Regarding patient safety issues the exhibits at the ASA Annual Meeting in October contained many predictable variations on established themes as well as a few potentially promising surprises.
The Technical Exhibits featuring manufacturers displaying and selling their products [as always, specific brand-name references and endorsements are excluded from this publication] reflected many popular aspects of current practice. There were many computerized information management systems that all purported to enhance overall safety by making data access and trend-spotting easier. Patient warming devices continue to proliferate in number and shape. Most of the manufacturers and sellers made reference to recent publications suggesting that even moderate intraoperative hypothermia may predispose to less favorable patient outcomes. Latex-free devices and equipment also was more prominent this year as the publicity increased regarding the rare but dramatic potential allergic reactions to latex by certain patients.
Airway tools continue to be extremely popular. One patient mouthguard looked quite similar to those used by football players. New types of stylettes, including flexible lighted ones were shown. A new design LMA was displayed, as was a new “cuffed oropharyngeal airway” for use during spontaneous ventilation which has a large inflatable balloon-like “cuff” intended to fill virtually the entire pharynx when inflated. A new “visualized endotracheal tube” that has fiberoptic illumination and imaging actually in the wall of the tube and that can be used with a handset eyepiece, a videoscreen display, or a head-mounted virtual reality-type goggle display for the operator was shown. In addition to advantages in overcoming difficult intubations and verifying correct tube placements, the system is intended for diagnosis of tracheal pathology also. Two new devices intended to facilitate very rapid emergency crycothyrotomies were displayed.
Several hand-held capnographs were prominently offered. One was extremely compact and had a minimal “draw rate” of gas, potentially making it useful for infants as well as larger patients. There was a new generation of continuous intraarterial blood gas monitoring devices unveiled, again with the assertion that the surface is nonthrombogenic, allowing extended function (hundreds of hours). A new type of noninvasive blood pressure monitor claiming “direct” arterial pressure measurements via a cutaneous transducer was shown. Another new type of monitor exhibited was a device to asses tension in facial muscles via electromyographic electrodes that “separates the unconsciousness component from the analgesic component in determining the adequacy of anesthesia.” It is intended to be used functionally as a monitor of level of consciousness in a manner similar to what is being successfully done with bispectral algorithm-processed EEG.

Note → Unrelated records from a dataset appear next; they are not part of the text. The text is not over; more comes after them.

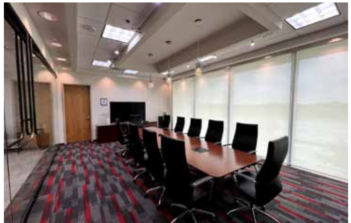
Newly Renovated 3rd Floor Conference Room
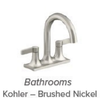
Bathrooms Kohler - Brushed Nickel
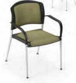
SG3B (arms) & SG3C (armless) Stackable Guest Chairs
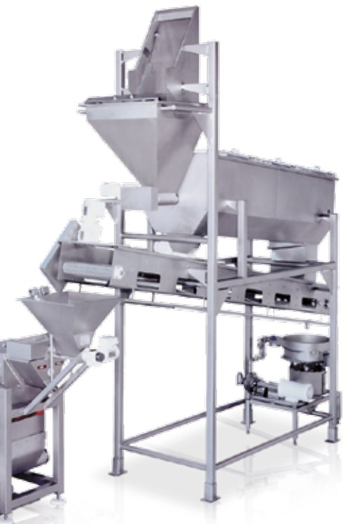
Soaked corn is pumped to the Corn Washer which removes hulls and lime before milling.
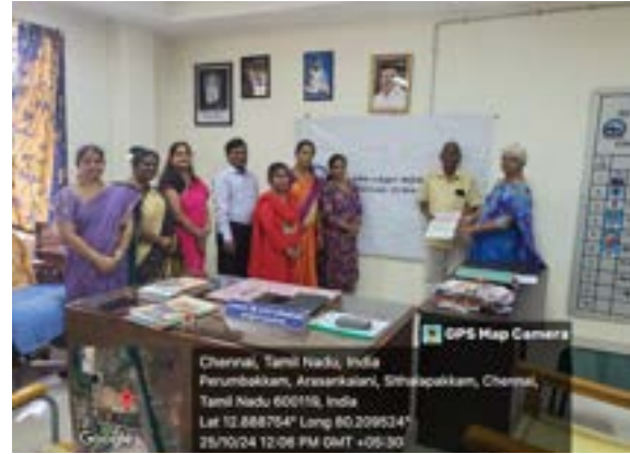
Thoraipakkam - MOU signed Government College of Arts & Science
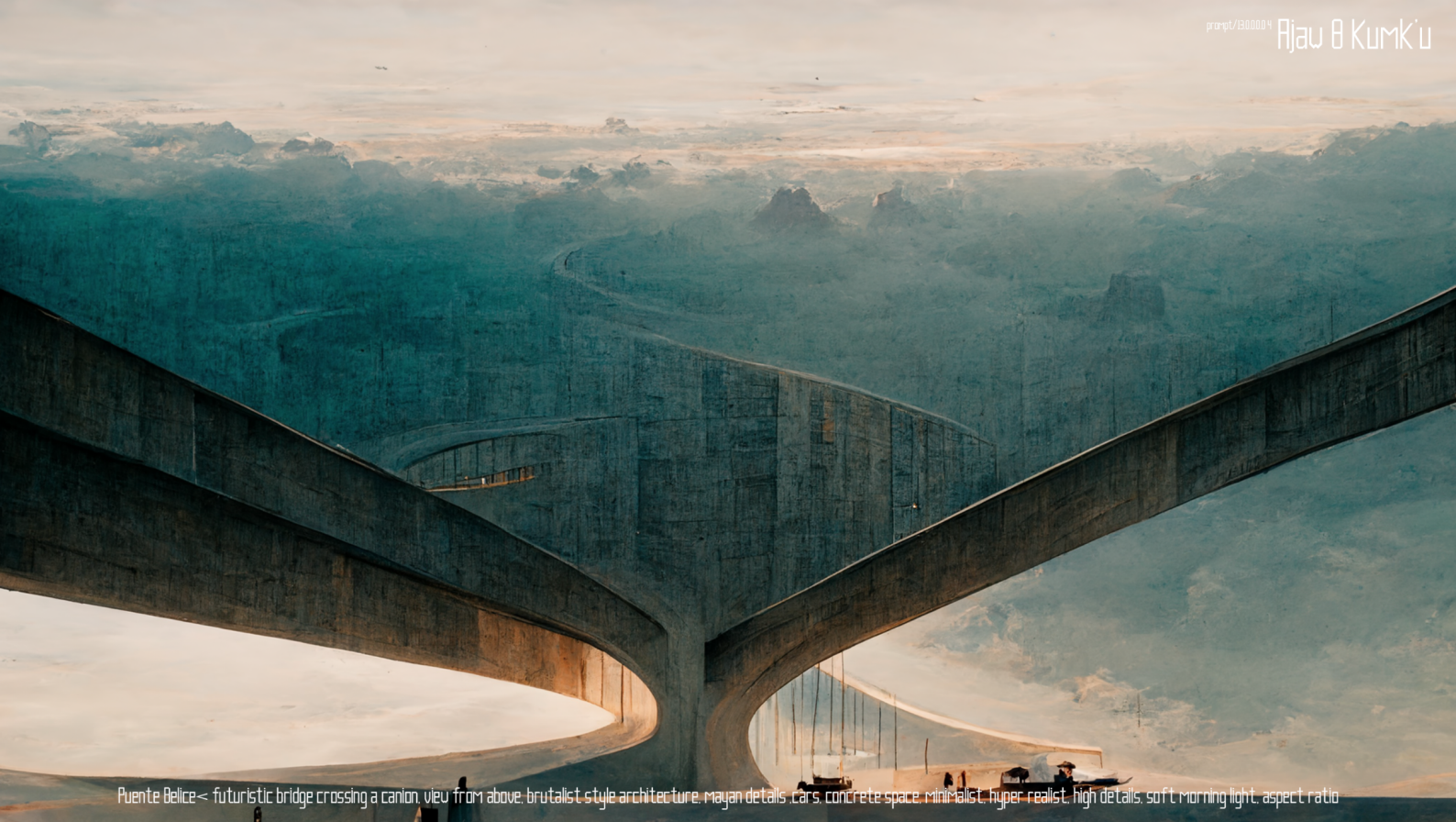
Puente Belice -> futuristic bridge crossing a canyon, view from above, brutalist style architecture, mayan details, cars, concrete space, minimalist, hyper-realistic, high details, soft morning light, aspect ratio
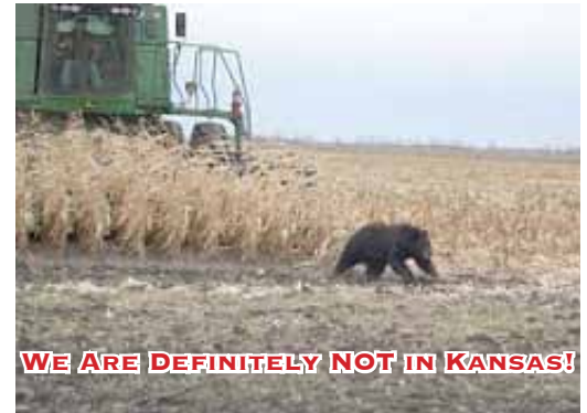
WE ARE DEFINITELY NOT IN KANSAS!
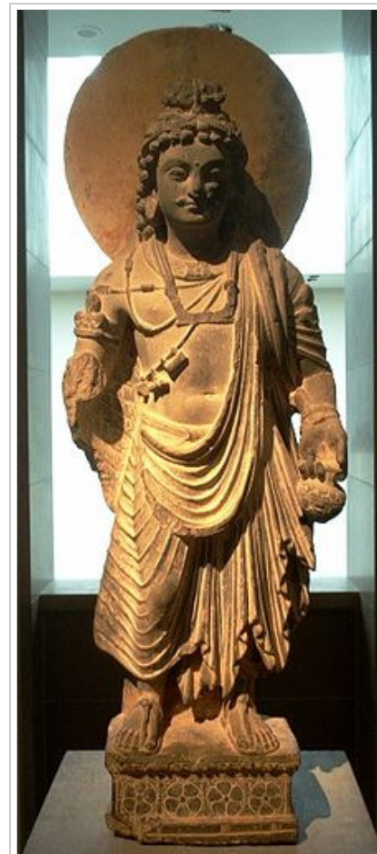
Maitreya Buddha from the 2nd century Gandharan Art Period
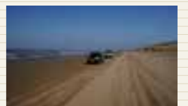
Chirihama Beach Driveway (map G4)
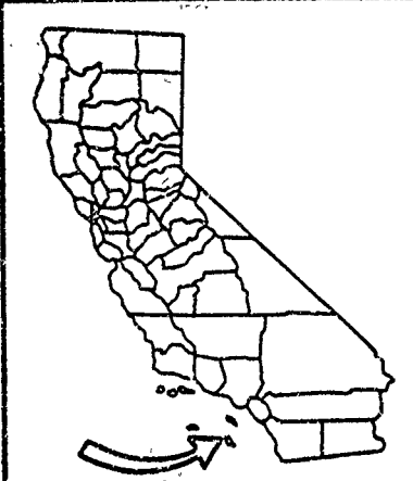
EXHIBIT "B" PRC 6412

Santa Barbara Island Santa Barbara County
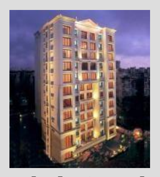
Raheja Grande BANDRA WEST
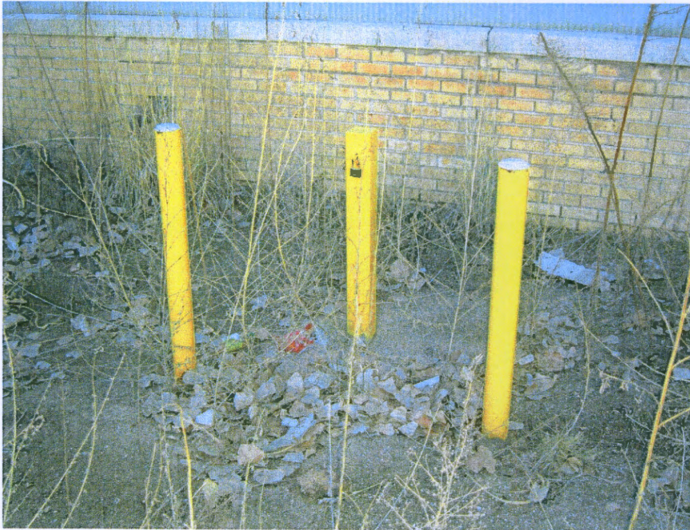
Photograph 25 – MW-21 before plugging. J. Knightly, 1/14/14.
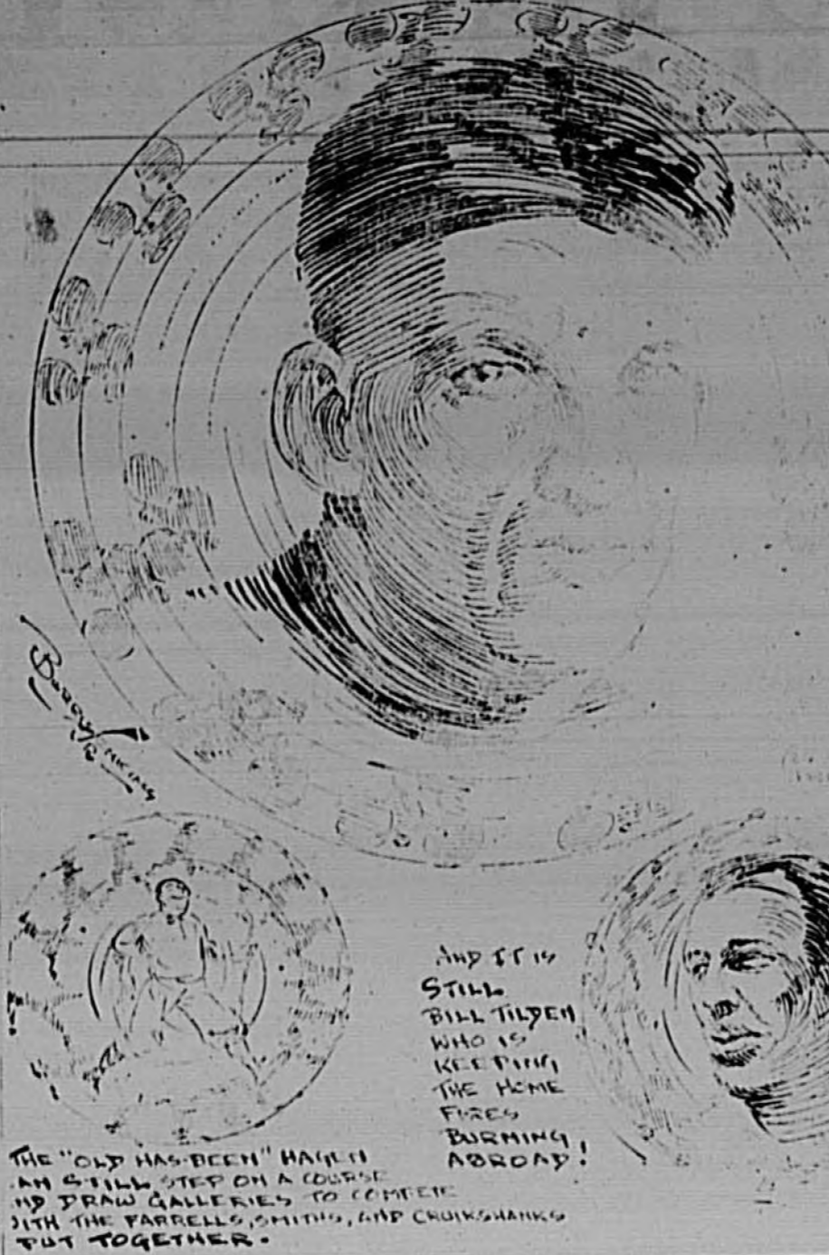
THE "OLD HAS BEEN" HAD A NEW DRAW GALLERIES TO COMPETE WITH THE FARELLO, SHINDIG, AND CRUISEMAKERS PUT TOGETHER.
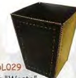
EDL029 Bin "Waste"
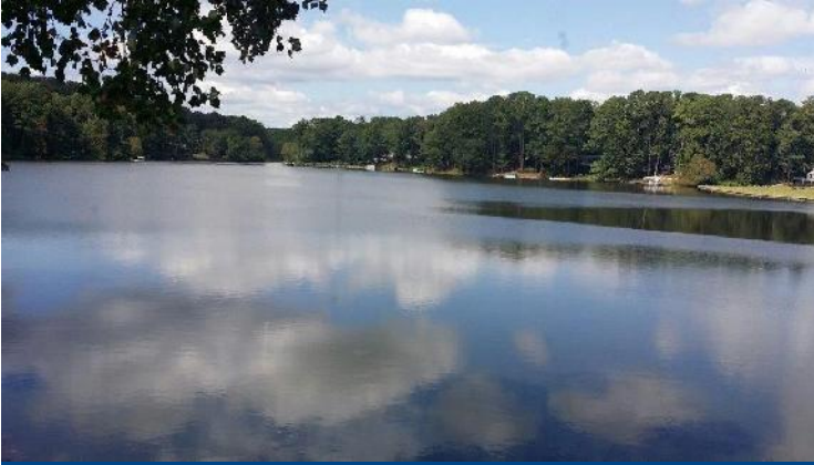
Beautiful views overlooking Lake Lucerne

It was interesting to note that, while not necessarily specifically safety oriented, three new anesthesia machines were prominently displayed in the Technical exhibits. Each was purported to offer advantages over the familiar existing brands currently in widespread application in this country. Marketplace forces as well as formal product evaluations will determine over time whether this is so.
The ASA Scientific Exhibits (all summarized near the back of the ASA meeting program book) featured several presentations with patient safety implications. Probably the most dramatic involved a new difficult-airway tool. Dr. D. Gravenstein et al. From the University of Florida demonstrated their fiberoptic imaging stylette that has light and visual plastic fibers in a relatively stiff but flexible stylette. The video receiver and screen are quite compact, making them much easier to use than usual. This display received the APSF award for best safety-related scientific exhibit. Difficult airways were just as prominent as in the Technical Exhibits. Another presentation considered airway management in the ICU setting and, also, the Society for Airway Management had a booth.
Another scientific exhibit demonstrated a very compact hand-powered portable suction device intended for use during patient transport when traditional vacuum-powered suction is not available. One exhibit from SUNY Syracuse demonstrated in detail the dangers of accidental mixing of liquid volatile anesthetics in a vaporizer and techniques to detect and to avoid this problem. Finally, as has been the case for several years, there were many exhibits featuring computer applications intended to smooth, improve, and speed anesthesia practice, some of which touted specific patient safety advantages.